> Aim of the task
Restate the listing word for word. Stop at the line that holds "Robots are seated", include it, and leave out all pictures.

> Entries supplied
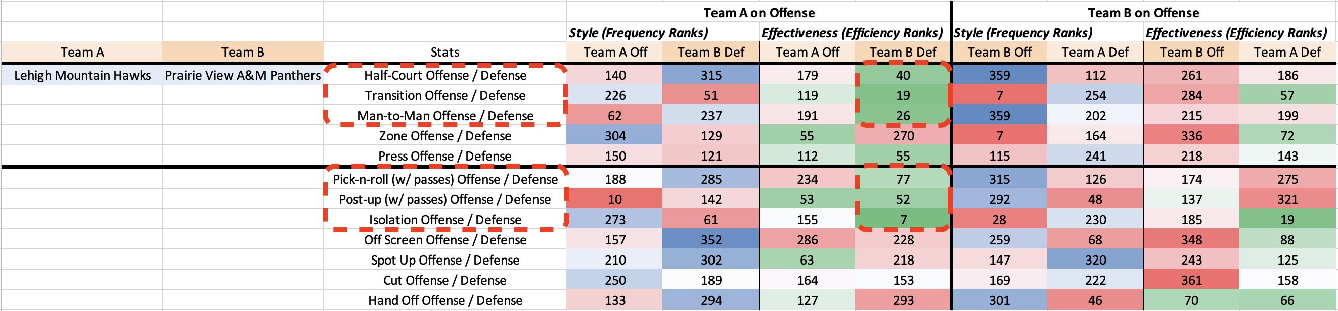 The table below is a statistical breakdown of Prairie View's matchup with Lehigh (data from Synergy), which contextualizes how they stack up nationally in a few key domains:
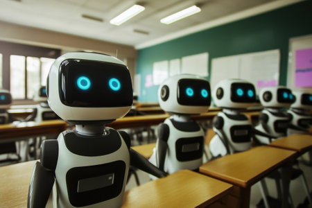 Robots are seated at desks in a classroom, engaged in a learning activity in a tech-savvy environment.
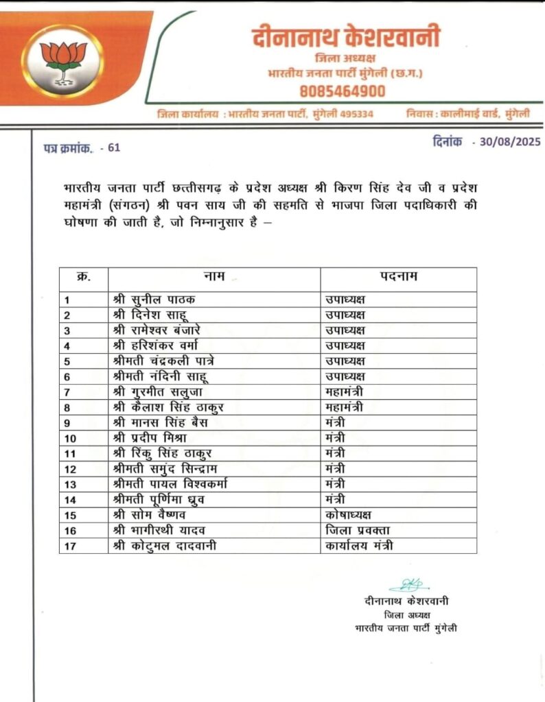 मुंगेली – भारतीय जनता पार्टी प्रदेश अध्यक्ष किरण सिंह देव व प्रदेश महामंत्री संगठन पवन साय की सहमति से जिलाध्यक्ष दीनानाथ केशरवानी ने जिला पदाधिकारियों की घोषणा की।
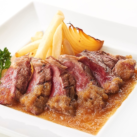 Spanish Beef skirt steak《黒胡椒香る赤ワインソースor特製シャリアピンソース》 牛1頭から2kgしか取れない貴重な部位。脂肪が少ないお肉で比較的あっさりと食べれるのが特徴です。赤ワインソースまたは、シャリアピンソースよりお選びください。
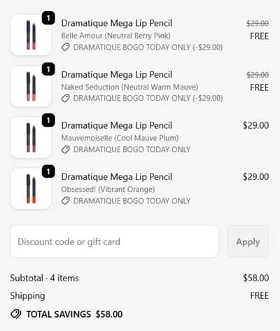 Don’t have FOMO on the lippe BOGO! TODAY ONLY shop Buy 1 Get 1 FREE PAT McGRATH LABS Dramatique Mega Lip Pencils! Ultra rich, creamy texture with a matte finish, from cool mauve to vibrant orange, add what your collection is missing 2 for the price of 1 while you can! You’ll also save 30% OFF on orders $50+, 35% OFF orders $150+, and 40% OFF orders $250+ on everything else!
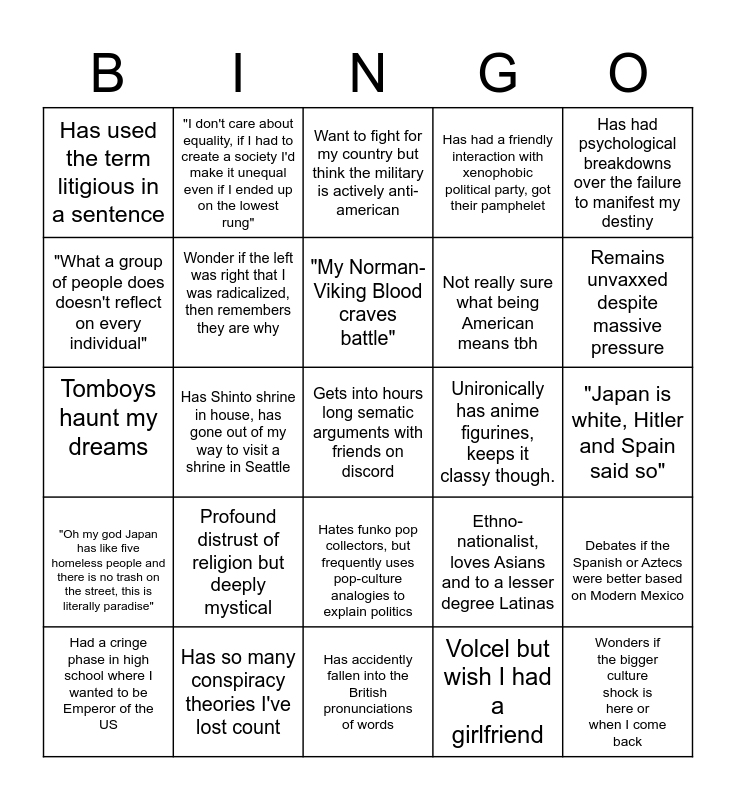 This bingo card has a free space and 24 words: Profound distrust of religion but deeply mystical, Has so many conspiracy theories I've lost count, "My Norman-Viking Blood craves battle", Had a cringe phase in high school where I wanted to be Emperor of the US, Has had psychological breakdowns over the failure to manifest my destiny, Has used the term litigious in a sentence, "What a group of people does doesn't reflect on every individual", "I don't care about equality, if I had to create a society I'd make it unequal even if I ended up on the lowest rung", Unironically has anime figurines, keeps it classy though., Hates funko pop collectors, but frequently uses pop-culture analogies to explain politics, Not really sure what being American means tbh, Tomboys haunt my dreams, Ethno-nationalist, loves Asians and to a lesser degree Latinas, Debates if the Spanish or Aztecs were better based on Modern Mexico, Wonder if the left was right that I was radicalized, then remembers they are why, Volcel but wish I had a girlfriend, "Japan is white, Hitler and Spain said so", Want to fight for my country but think the military is actively anti-american, Remains unvaxxed despite massive pressure, Has Shinto shrine in house, has gone out of my way to visit a shrine in Seattle, Wonders if the bigger culture shock is here or when I come back, "Oh my god Japan has like five homeless people and there is no trash on the street, this is literally paradise", Has had a friendly interaction with xenophobic political party, got their pamphelet and Has accidently fallen into the British pronunciations of words.
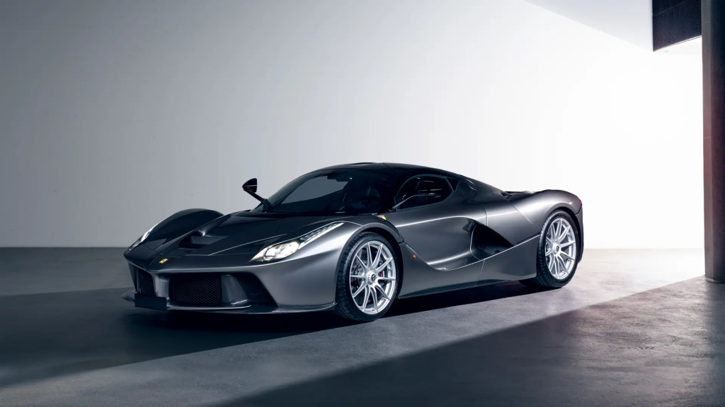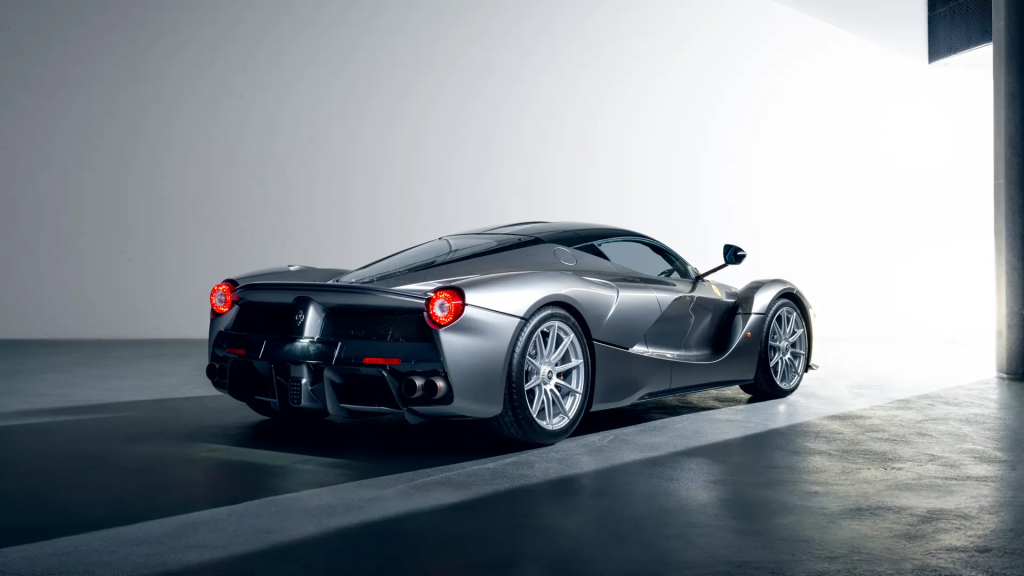ZFF76ZHT4F0214727 : 2015, LaFerrari, échappement sport, jantes noires vernies, Gunmetal Grey Metallic et noir, intérieur noir à surpiqûres rouges, inserts alcantara et carbone.

> Answer to this exercise
 The table below is a statistical breakdown of Prairie View's matchup with Lehigh (data from Synergy), which contextualizes how they stack up nationally in a few key domains:
 Robots are seated at desks in a classroom, engaged in a learning activity in a tech-savvy environment.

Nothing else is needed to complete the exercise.